Alaska gears up for its own royalty battle
Posted: January 2, 2008Section:
Shawn McCarthy, December 29, 2007,Globe and Mail -- Alaska's oil and gas industry is threatening to reduce investment in the state after Governor Sarah Palin recently signed a "fair share" tax increase that will boost state revenues from the industry by $1.5-billion (U.S.) next year.
In a replay of Alberta's bitter debate over this fall's royalty increases, the industry is making noises about shifting investment to more hospitable climes, while its critics suggest that there are few more welcoming jurisdictions than the northern state.
Exxon Mobil Corp. indicated yesterday that it would be reviewing its investment plans in light of the tax hike, which raises the basic state production tax to 25 per cent from 22.5 per cent and eliminates key deductions.
"The tax increase that Governor Palin has signed into law reduces the attractiveness of future oil developments in Alaska," Exxon spokeswoman Kimberly Johnson Brasington said in an e-mailed statement. "We are re-evaluating investment plans."
BP PLC, one of three major producers in the state, also indicated this week that it would review its investments plans.
Doug Suttles, president of BP Exploration Alaska, said he was "disappointed" by the move and hoped the government would reconsider the tax increase, the Financial Times reported.

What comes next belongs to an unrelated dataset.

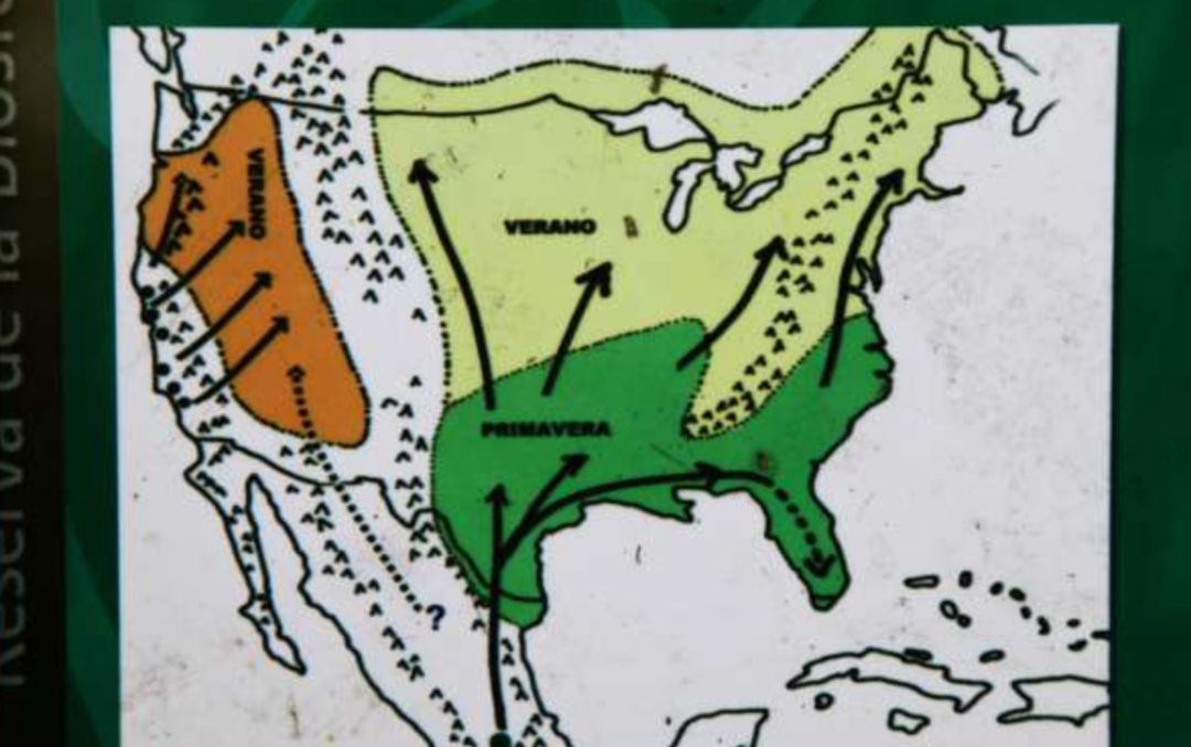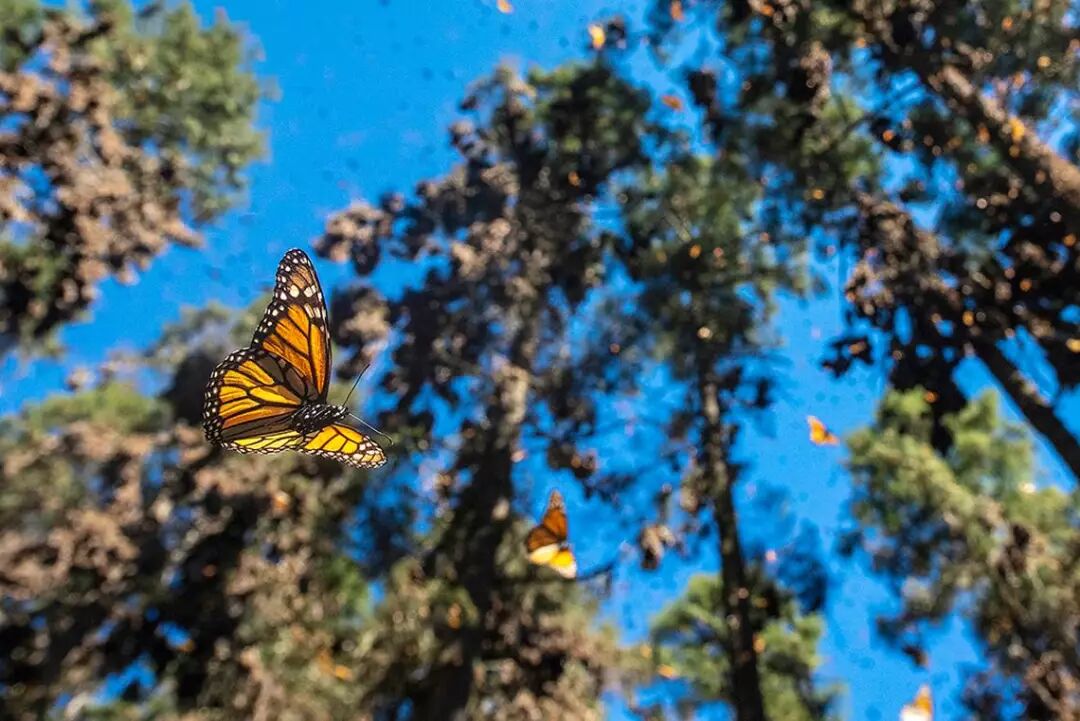 每年深秋至冬天即将来临的时候,它们就从加拿大和美国北部起飞,成千上万地聚集在一起,长途迁徙到温暖的墨西哥冷杉林中过冬。

"This massive tax increase will weaken investment in Alaska's oil fields at the very time that more investment is needed ... This will impact our business plans in 2008," Mr. Suttles said.

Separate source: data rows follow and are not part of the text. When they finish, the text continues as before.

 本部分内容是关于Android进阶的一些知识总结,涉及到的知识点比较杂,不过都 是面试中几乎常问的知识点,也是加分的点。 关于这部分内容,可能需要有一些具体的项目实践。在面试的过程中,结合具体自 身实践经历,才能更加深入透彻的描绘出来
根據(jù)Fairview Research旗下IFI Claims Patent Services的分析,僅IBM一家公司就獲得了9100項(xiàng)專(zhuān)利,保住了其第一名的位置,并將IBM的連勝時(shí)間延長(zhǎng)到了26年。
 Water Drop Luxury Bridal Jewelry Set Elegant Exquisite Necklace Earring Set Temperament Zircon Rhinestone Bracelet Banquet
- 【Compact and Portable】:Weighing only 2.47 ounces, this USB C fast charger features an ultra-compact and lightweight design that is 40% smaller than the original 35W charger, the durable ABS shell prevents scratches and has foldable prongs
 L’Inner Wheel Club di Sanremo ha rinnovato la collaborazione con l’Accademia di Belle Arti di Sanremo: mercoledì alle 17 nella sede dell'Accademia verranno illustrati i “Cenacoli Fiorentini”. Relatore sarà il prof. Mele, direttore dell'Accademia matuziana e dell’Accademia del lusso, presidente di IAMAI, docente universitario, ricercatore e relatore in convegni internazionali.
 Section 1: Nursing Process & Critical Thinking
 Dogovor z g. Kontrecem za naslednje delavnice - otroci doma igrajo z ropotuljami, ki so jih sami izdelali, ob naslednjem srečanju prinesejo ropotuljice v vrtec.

The battle over the tax increase is just one front in a continuing confrontation between the oil majors and the state of Alaska. The government has moved in recent years to strip Exxon, BP, ConocoPhillips and Chevron Corp. of leases in the Point Thomson natural gas fields near Prudhoe Bay, and sought new bidders to build the pipeline that would bring that gas to market.
In a Boxing Day ruling, Alaska Superior Court Judge Sharon Gleason found that the state was within its rights in 2006 when it stripped the companies of valuable oil and gas resources they had held since the 1970s, because they had failed to develop the properties.
Kara Moriarity, deputy director of the Alaska Oil and Gas Association, acknowledged that the partnership between the industry and the government is strained.
"The industry still believes we're partners with the state of Alaska ... and it may seem, with all the headlines, like that partnership may not exist but we in the industry do believe it exists," she said.
Ms. Moriarity said the tax changes undermine business activity that Alaska is heavily dependent upon.
She said that the taxes and royalties paid by the oil industry - primarily Exxon, BP and ConocoPhillips - account for more than 85 per cent of the state's budget.
"Are the companies going to lock up shop come January 1? The answer is no," Ms. Moriarity said. "But will this tax affect investment decisions, especially on new projects? That answer is absolutely yes."
Richard Fineberg, an industry analyst who has consulted with government, said the state believes it is only seeking its "fair share and a level playing field for competition."
Mr. Fineberg said the big three oil producers maintained a stranglehold over the crude pipeline from the North Slope, and that that dominance - with its uncompetitive tariffs - hobbled development. The new tax law seeks to redress that unfair tariff structure, he said.
In the case of the gas field leases, Judge Gleason upheld the right of the government to strip the companies of their Arctic oil and gas leases. But she made a small concession to the firms - ordering the state to hold hearings to determine whether the companies could persuade the government overturn its decision.
The companies said that over the past three decades they have spent more than $800-million (U.S.) to develop the Point Thomson field, 80 kilometres east of Prudhoe Bay on the state's North Slope. But they can't proceed further without a pipeline.
The field is considered North America's largest untapped gas field, with 8-trillion cubic feet of natural gas. That's three times the estimated size of the Canadian Arctic gas fields that would feed the long-proposed, oft-delayed Mackenzie Valley pipeline.